Humphrey Lloyd (July or August 1610 - 18 January 1689) was Bishop of Bangor from 1674 until 1689.

==Life==
Lloyd was the third son of the vicar of Ruabon, Denbighshire, Wales, and was born in Trawsfynydd, Merioneth, Wales. He studied at the University of Oxford, matriculating from Jesus College in 1628 but graduating from Oriel College in 1630, becoming a fellow of Oriel, where he was a tutor for many years, in 1631. During the English Civil War, he was arrested in September 1642 for uttering Royalist views when the Parliamentarian Lord Lieutenant of Oxfordshire visited Oxford. In 1644, he was appointed prebend of Ampleforth by John Williams, the Archbishop of York, to whom Lloyd was chaplain, but the advance of the Scottish army prevented his installation at that time. Three years later, in 1647, the House of Lords ordered that he be installed as vicar of Ruabon on taking the National League and Covenant, but he would appear not to have stayed in post for long, if indeed he was installed at this time. However, following the Restoration, Lloyd returned to Ruabon and was also installed as prebend of Ampleforth. He was awarded his DD degree in 1661, when he also became vicar of Northop. He was appointed as Dean of St Asaph in 1663, resigning as vicar of Northop in 1664.

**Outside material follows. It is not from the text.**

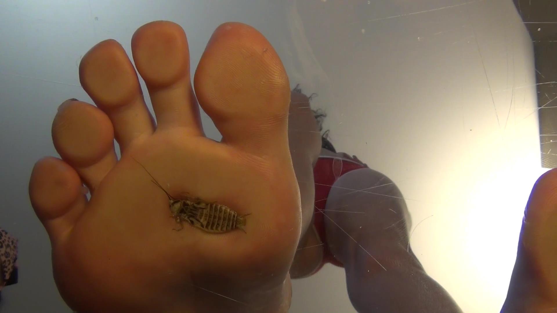Mitzy is at home watching her little brothers, who mind you, are supposed to be exterminating the big infestation that has been going on in their kitchen. Her brothers also have some kind of infatuation with Mitzy's feet, and she tries to get them to stop but they don't listen. When Mitzy sends them back to the kitchen, they unexpectedly shrink! Mitzy goes to the kitchen to check on them, unbeknownst to Mitzy, her brothers are shrunken and she has already squished one! She has her sandals on now and has noticed they haven't gotten rid of the bugs at all so Mitzy decides it's time for her to take matters into her own hands, or feet you could say. She starts to crush and pulverize the bugs, and really enjoying it. They're everywhere! But little does Mitzy know, her brother is a witness to her brutality! When she does notice him, she has already taken off her sandals and her feet are covered in guts. She tells him that THIS is what happens when they don't listen to her! She crushes another brother! Mitzy is pissed! When she finally finds the last brother, she shows him the crushed brother, and then makes him lick the guts of her victims off the bottom of her soles!

In 1673, Lloyd was appointed Bishop of Bangor; in addition, he was permitted to be archdeacon of Bangor and of Anglesey, prebend of Ampleforth and vicar of Gresford (where he had recently succeeded his brother after leaving Ruabon). He was enthroned on 5 January 1674, by proxy. As bishop, he was hostile to dissent and to presbyterian missionaries. He died on 18 January 1689, and was buried in Bangor Cathedral.